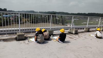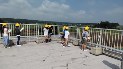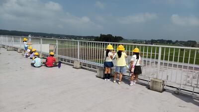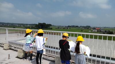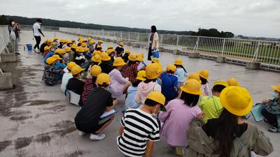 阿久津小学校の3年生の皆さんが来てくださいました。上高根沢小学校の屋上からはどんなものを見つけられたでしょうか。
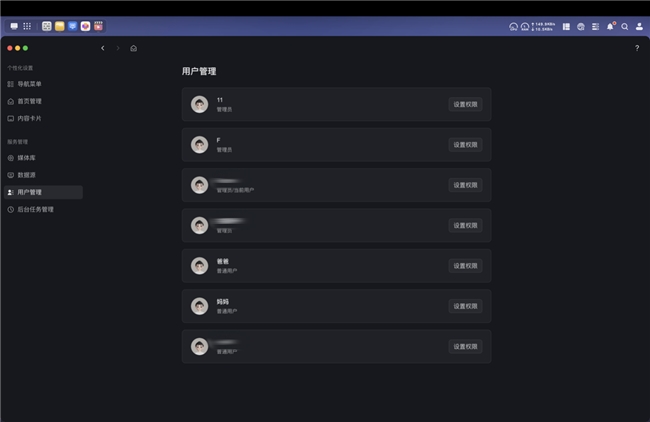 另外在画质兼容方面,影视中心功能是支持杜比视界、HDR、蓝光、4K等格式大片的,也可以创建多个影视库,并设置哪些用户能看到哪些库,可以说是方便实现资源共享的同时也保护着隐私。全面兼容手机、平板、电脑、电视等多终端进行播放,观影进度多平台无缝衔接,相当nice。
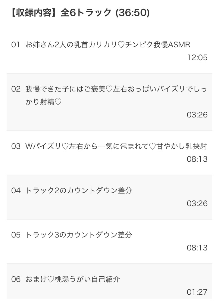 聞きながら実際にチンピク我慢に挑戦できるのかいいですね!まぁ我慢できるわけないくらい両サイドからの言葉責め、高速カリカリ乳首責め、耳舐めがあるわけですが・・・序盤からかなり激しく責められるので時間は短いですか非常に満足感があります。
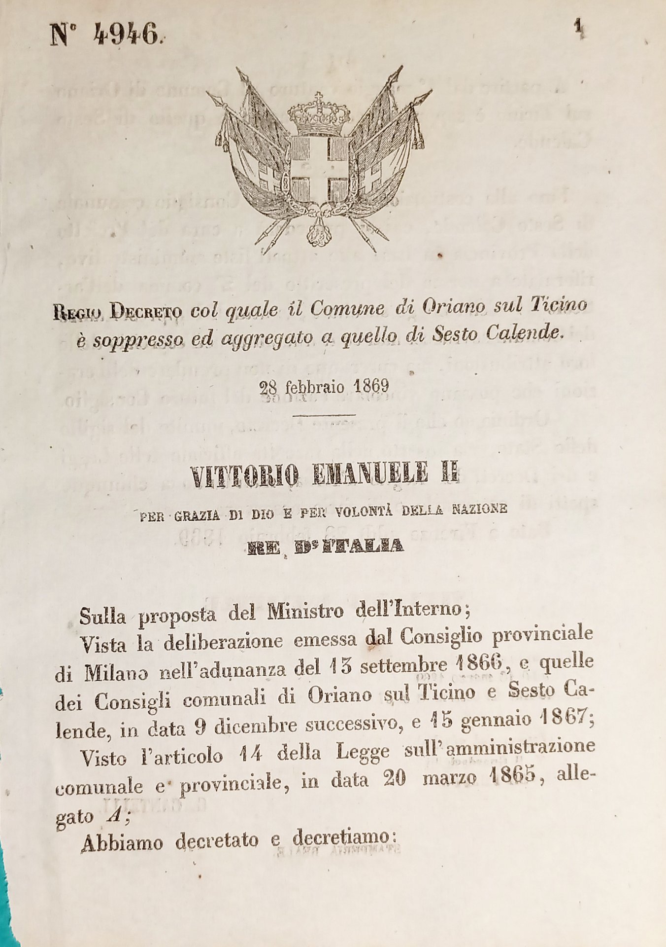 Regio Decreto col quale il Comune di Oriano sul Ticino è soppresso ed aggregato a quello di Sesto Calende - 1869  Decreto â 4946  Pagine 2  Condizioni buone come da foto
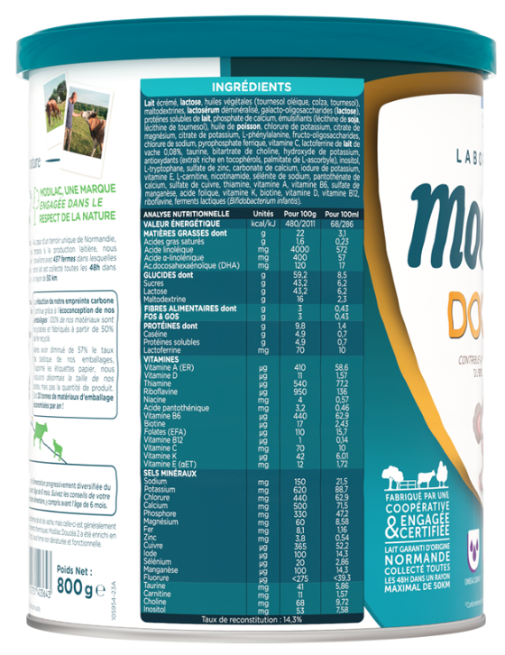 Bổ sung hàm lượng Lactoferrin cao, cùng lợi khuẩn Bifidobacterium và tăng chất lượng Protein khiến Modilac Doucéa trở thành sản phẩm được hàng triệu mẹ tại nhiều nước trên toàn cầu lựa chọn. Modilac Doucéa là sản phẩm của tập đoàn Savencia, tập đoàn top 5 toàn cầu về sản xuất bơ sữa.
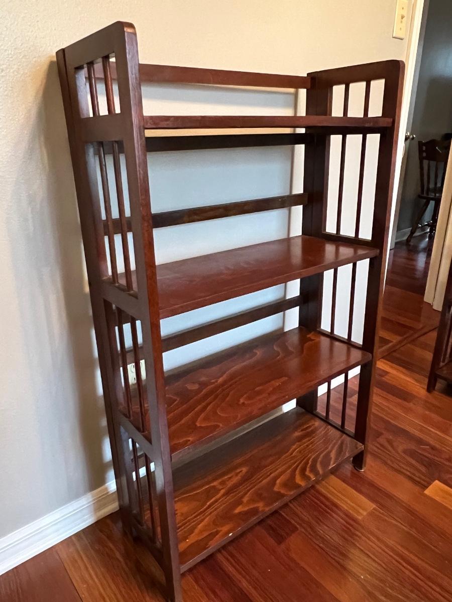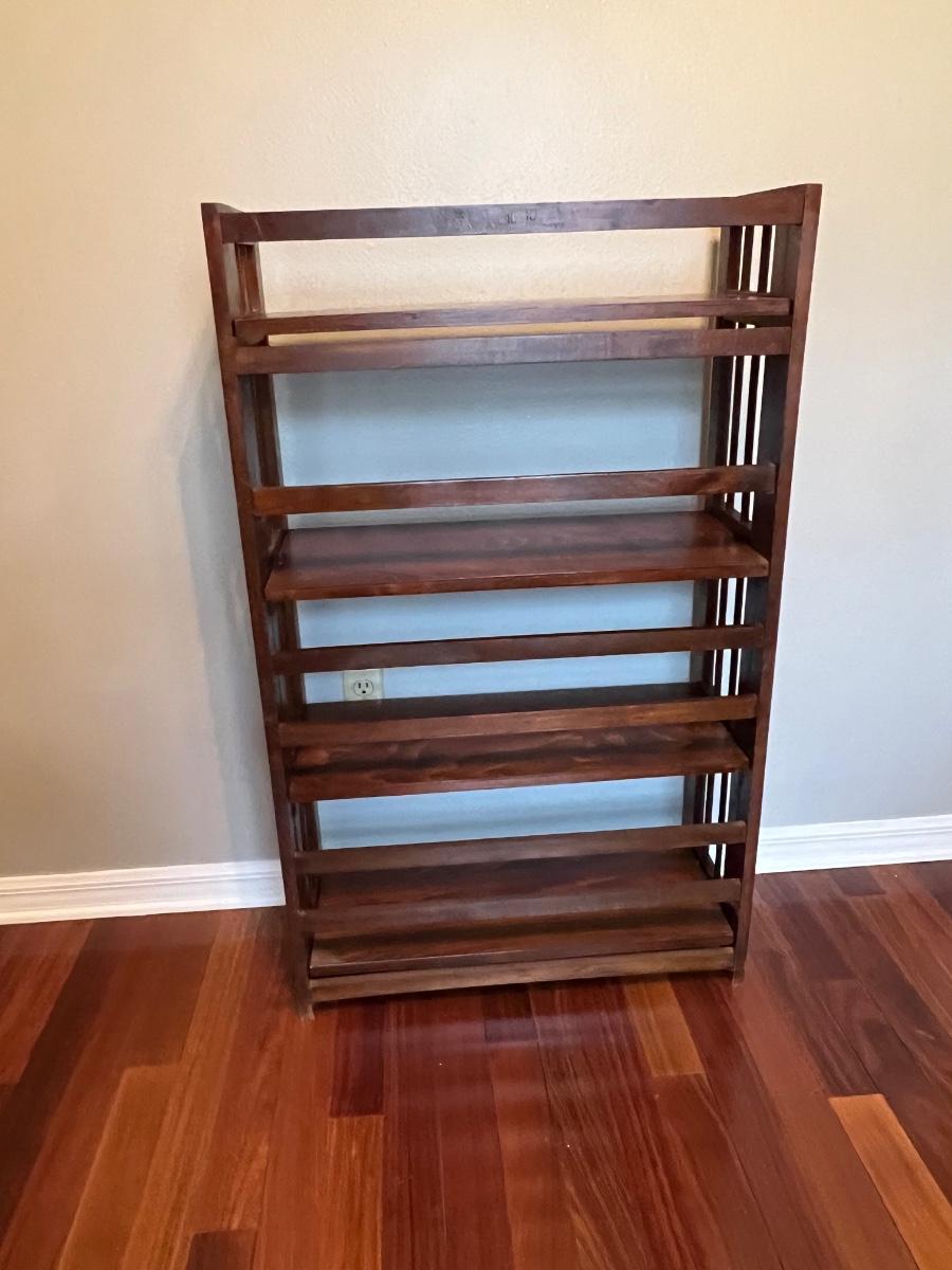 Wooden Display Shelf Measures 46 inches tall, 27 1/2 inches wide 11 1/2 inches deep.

* * *

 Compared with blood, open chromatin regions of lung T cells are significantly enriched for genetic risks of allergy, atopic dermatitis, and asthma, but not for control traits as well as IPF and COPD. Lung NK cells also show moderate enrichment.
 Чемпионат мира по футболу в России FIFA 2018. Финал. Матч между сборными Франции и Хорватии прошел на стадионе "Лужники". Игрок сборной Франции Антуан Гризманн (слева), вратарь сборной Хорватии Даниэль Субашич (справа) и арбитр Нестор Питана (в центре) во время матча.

## What the task asks
Beginning with the line above that contains "阿久津小学校の3年生の皆さん" and finishing with the line that contains "另外在画质兼容方面,影视中心", print those lines exactly and only. Skip all pictures.

## Solution for this task
 阿久津小学校の3年生の皆さんが来てくださいました。上高根沢小学校の屋上からはどんなものを見つけられたでしょうか。
 另外在画质兼容方面,影视中心功能是支持杜比视界、HDR、蓝光、4K等格式大片的,也可以创建多个影视库,并设置哪些用户能看到哪些库,可以说是方便实现资源共享的同时也保护着隐私。全面兼容手机、平板、电脑、电视等多终端进行播放,观影进度多平台无缝衔接,相当nice。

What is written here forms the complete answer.